In 2008 the annual GDP was $14.3 trillion and the number of active workers equaled 141 million. That means that almost $100,000 of value was produced by each worker in 2008, on average. Yet half the workers earned less than $40,000 a year, the median income for individual workers was below $40,000. (This from U.S. Census, 2007) The bottom half earned about 15% of the total national income, the top half earned 85%. The top one percent of households in 2006 earned 18.3% of the national income, while the bottom 60% earned only 20.3%. (See State of Working America, 2006/2007, page 79) The figures for wealth are even more egregious. The top one percent of households owns more wealth than the combined wealth of the lower 91% of households. Half the households own 2.5% of the national wealth, the other half own 97.5% of the national wealth. (See Currents and Undercurrents, 2006, Arthur Kennickel, U.S. Department of Treasury, Federal Reserve, Survey of Consumer Finances) Time for readjustment through higher wages?

We suffer from chronic low wages and a slavery mentality. In theory (only) Capitalism could actually seize up and die if corrections are not made. We have lots of room to increase wages in a systematic way. Only the richest, 3% at the top, would feel any loss, and their gain will be to live in a much happier world, a saner world, a safer world, and a world more just and productive.

I feel like ranting a little, so here goes:
Food stamps feed 11% of the population, one in nine Americans, in June of 2009, the number has nearly doubled from 17 million in 2000 to 33 million in 2009. (See http://www.msnbc.msn.com/id/27827700// for an interesting news article on food stamps) You must have less than $2000 in assets to receive them, but 70% of food stamp recipients (that’s 23 million Americans) have “no countable resources”. Half the recipients are children. (Our child poverty rate is double the average for developed nations.) That’s almost 20% of the nation’s children. $95 a month is the median benefit, when the typical (median) American household spends $184 a month per person on food. In November, 2008, approximately 67% of those eligible were receiving the food stamp benefit. If all who are eligible applied, over 40 million would qualify, more than one in every eight Americans. The economic multiplier for every dollar of food stamps is about $2 of added economic activity. The same applies for creating public jobs.

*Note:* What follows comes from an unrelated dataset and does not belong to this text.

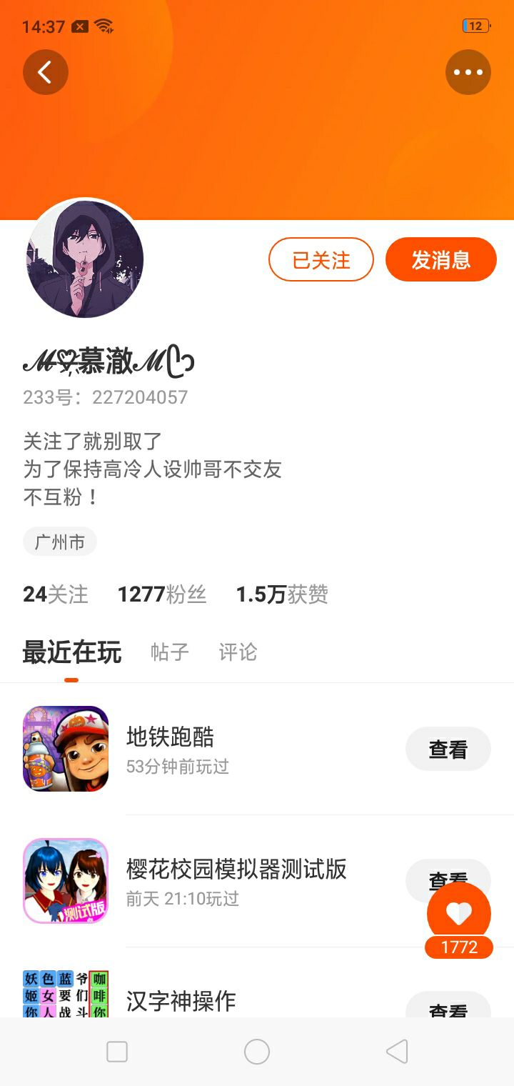 家人我摊牌了。其实我还有个大号。那个号有1000多粉丝。家人们你们别不信。这是事实。别问我为什么这个号粉丝这么少,因为这个号是前几天刚开的。那个号我已经给我妹玩了。大家别不信。
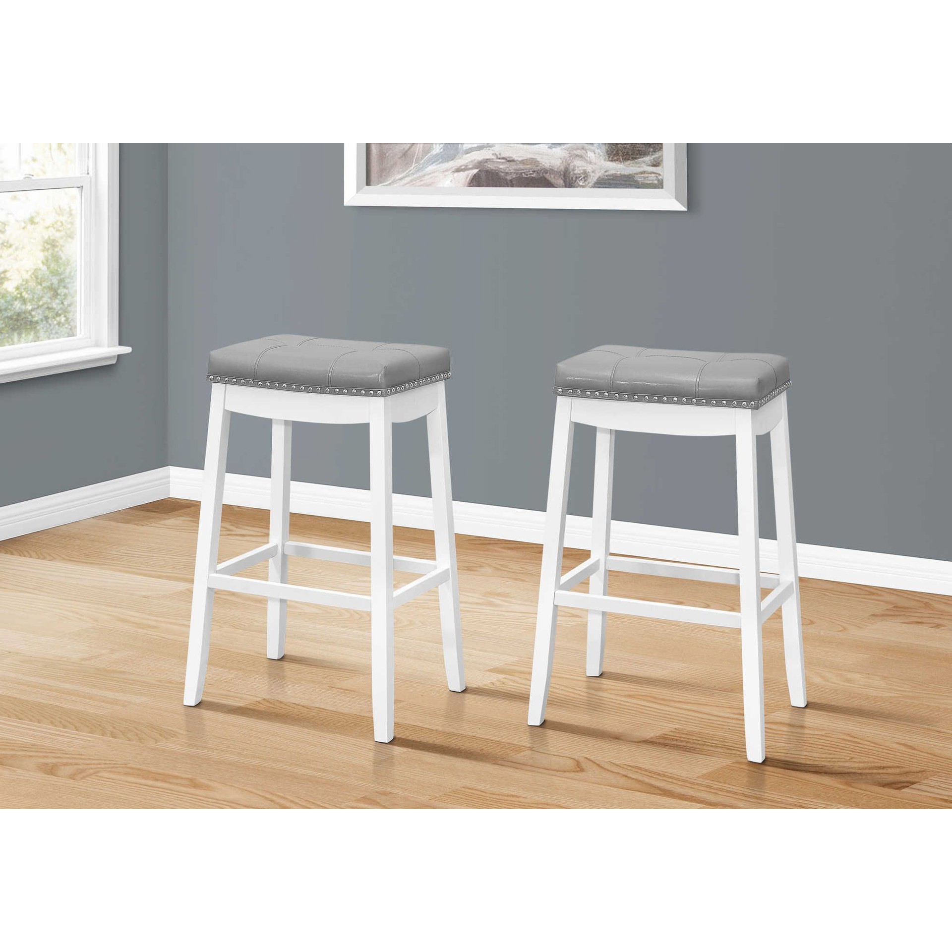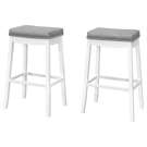 Solid wood legs provide stability and are in a crisp, white finish, while footrests are ideally positioned to relax your feet. Sold as a set of 2, these stools have a space-saving, backless design that allows them to be tucked neatly underneath a bar table or pub table when not in use.

The article features a retired postal worker, Adell Davis age 63, who declined the $20 a month food stamp benefit when she moved into subsidized senior housing. She lives on a $672 Social Security check, and has about $200 a month left over after paying her bills. “I thought someone else could use it better than me,” she says. She never eats bacon and eggs nor fresh fruit and vegetables. Davis probably would qualify for work as a public school auxiliary classroom assistant, or many other valid work activities that public jobs could create. If we would let the banks go bankrupt, and transfer the $700 billion we kicked in to keep them solvent, and the $23 trillion in guarantees, we could easily employ the unemployed and create economic security for all citizens. No, instead we shovel taxpayer money to failed business men so they can continue their get-rich-at-all-cost schemes--- even collective bankruptcy --- before we employ those who cannot find full-time, decent paying work, the 55 million Americans whom I mentioned in the first paragraphs of this essay. We shovel $1.1 trillion a year in the military, double all other nations combined (See Chalmers Johnson, "Going Bankrupt" ZMagazine, and Tomsdispatch.com, January 24, 2008), even though there is no significant threat to our security, the most significant being the global economic depression that we created ourselves through non-regulation of the financial sector and low wages to 80% of the workforce over the past 30 years.

We should try to raise wages. In the U.N. Human Development Index we rank 15th now, despite the fact that our economy generates $41,890 per capita, more money per capita than all but one other nation. The median personal income (for 141 million workers) is less (about $40,000 per worker) than the per capita income for over 300 million citizens. Go figure.
How can anyone be poor in such a wealthy nation?